Slice the French bread into bite-sized pieces.

Diners should spear the French bread with a fork or fondue stick and swirl it around in the cheese sauce to eat. Once the cheese sauce has been eaten, the pumpkin flesh can be scooped out and eaten as well.

Thursday 15 October 2009

Aubergine mix – don’t do it

Aubergines have always grown reasonably well on my sheltered patio. I’m sure the yields would be greater if the sun shone more consistently, but we have enough to enjoy for around a month at the end of summer. This year, thinking I should expand my aubergine horizons, I tried a pack of mixed seeds from Mr Fothergill’s. I always like the lucky dip aspect of mixed packets – you get to sample a load of different varieties without wastage.
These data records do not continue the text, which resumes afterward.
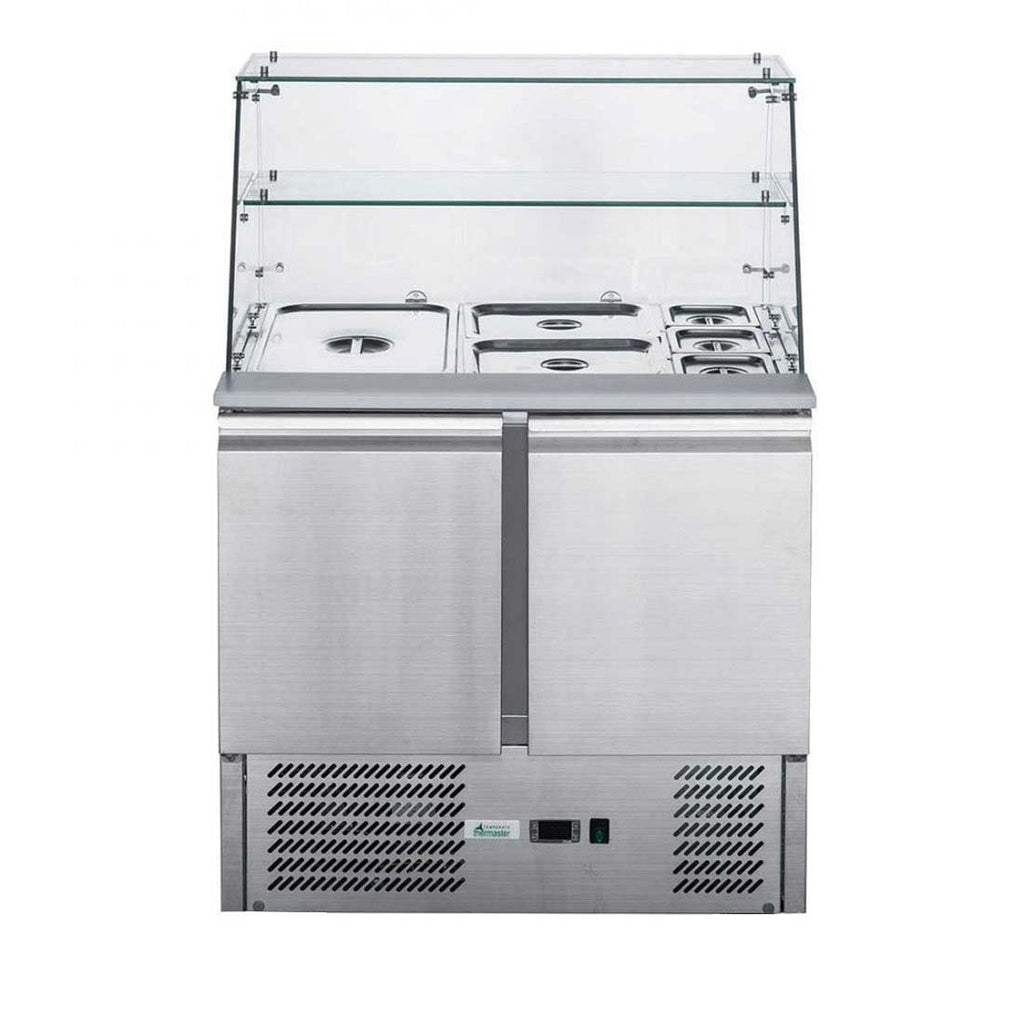 FED-X Two Door Salad Prep Fridge with Square Glass Top - XS900GC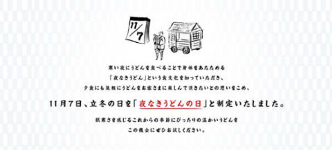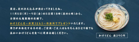 丸亀製麺では立冬の11月7日を「夜なきうどん(寒い夜にうどんを食べることで身体をあたためる文化)の日」と制定。それにちなんだキャンペーンで、対象商品は「かけうどん(並)」(税込290円)。18時から閉店まで(一部店舗では実施なし)。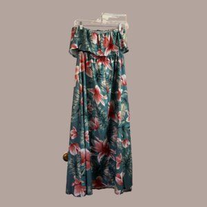 Flowy tropical floral print Boho Beach Hut dress- size small. Excellent condition, only worn once. The dress has two slits in the front and a tie at the waist. Perfect for destination weddings!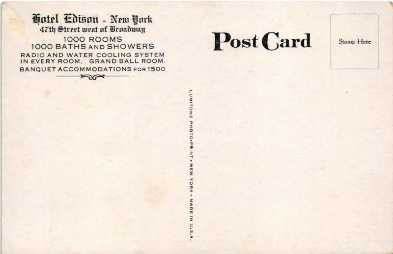 New York City, Hotel Edison, automobiles, 46th to 47th Street just West of Broadway (Rb)

So, the plants all grew and I ended up keeping more than I would normally do because I was scared of giving away – or throwing out – a plant that might be the only example of its type. Anyway, we ended up with four different varieties cropping.

These ...
... were nice, if a bit dull. These ...
... had a really good, almost sweet (for an aubergine) flavour, and these fruits ...
... grew to a good size. 

And then there were these ...
  

I wasn’t even sure if these were aubergines. They looked more like mutant tomatoes - easy to see how the two plants are related. And so small: it hardly seemed worth getting the blender out to make baba ganoush with this little lot. Wondering how best to cook and eat them, I hit Google and identified them as (left) Solanum melongena, or Striped Toga aubergine (although that one in the foreground is definitely a mutant), and (right) Solanum aethiopicum.  And discovered that nearly everyone thinks they’re bitter to the point of inedibility - see Amishland Heritage Seeds, for example.